France is the UK’s biggest supplier of power through interconnectors (47 per cent of its imports in 2020). A second interconnector with France the 1GW IFA2 has continued at full capacity.

The UK imports and exports electricity via six subsea cables from France, Belgium, Ireland and Northern Ireland and the Netherlands with a capacity of 6GW. A seventh, the North Sea Link (1.4GW) to Norway is undergoing testing and a further interconnector, Viking Link, is under construction and planned to begin operating in 2023 (see map)

Figure 6: UK Interconnectors

Source: National Grid

Retailer woes

At the end of this pipeline of problems has been electricity retailers who have found themselves squeezed between higher wholesale prices and price caps. Twelve retailers have failed this year and more are expected to go out of business (at the end of March the UK had 49 retailers, but energy consultancy Baringa has said there may be “less than 10 suppliers by the time we come through winter”).

Even when the UK’s retail price cap increases in October it assumes an underlying wholesale price of £82/MWh ($153/MWh) well below the forward prices being reported (see figure 2). As Baringa note it effectively means a loss for every customer on a price cap with retailers.

Consultants EnAppSys estimated the household power bills would need to rise by more than £550 a year (more than $1000) if gas prices stay high and with no government intervention. The UK’s price cap means average annual bill for gas and electricity will be limited to £1,277 ($2387) from next month and based on this analysis would have to go to £1,834 ($3429) if households were to cover the full costs of buying supplies today.

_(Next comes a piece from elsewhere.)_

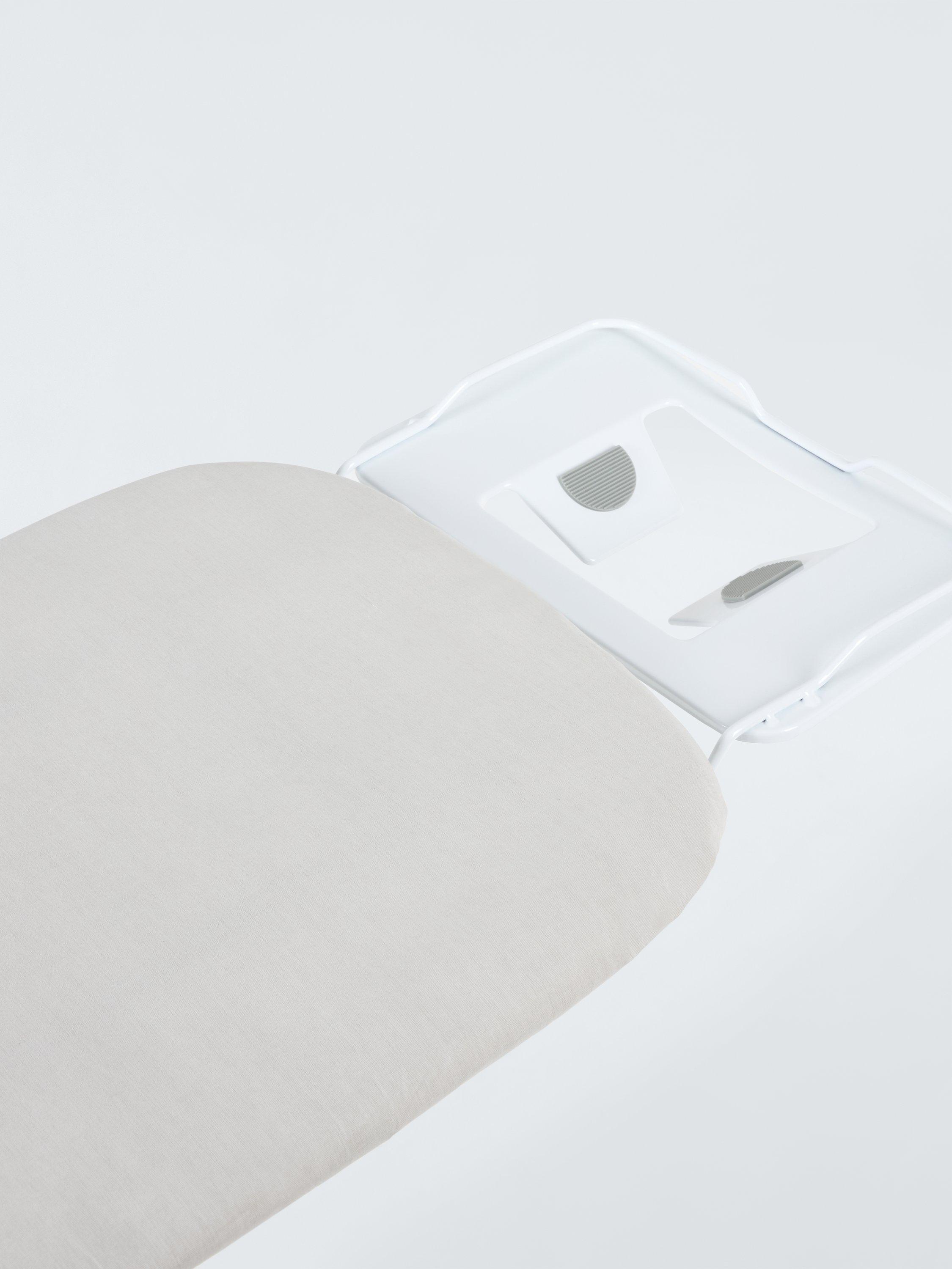 This ironing board is compact, lightweight and easy to carry and store. Adjustable through 4 different heights, it includes 7mm felt padding for smooth ironing and a cotton cover.

The UK’s largest energy retailers have warned suppliers could refuse to absorb the customers of failed rivals under the UK’s supplier of last resort mechanism unless the government comes back to negotiate a rescue package, arguing that intervention in the sector is unavoidable.

The price shocks and energy challenges are not going to ease significantly any time soon. And neither will debate about what has led to this position and assessment of previous and future policy measures.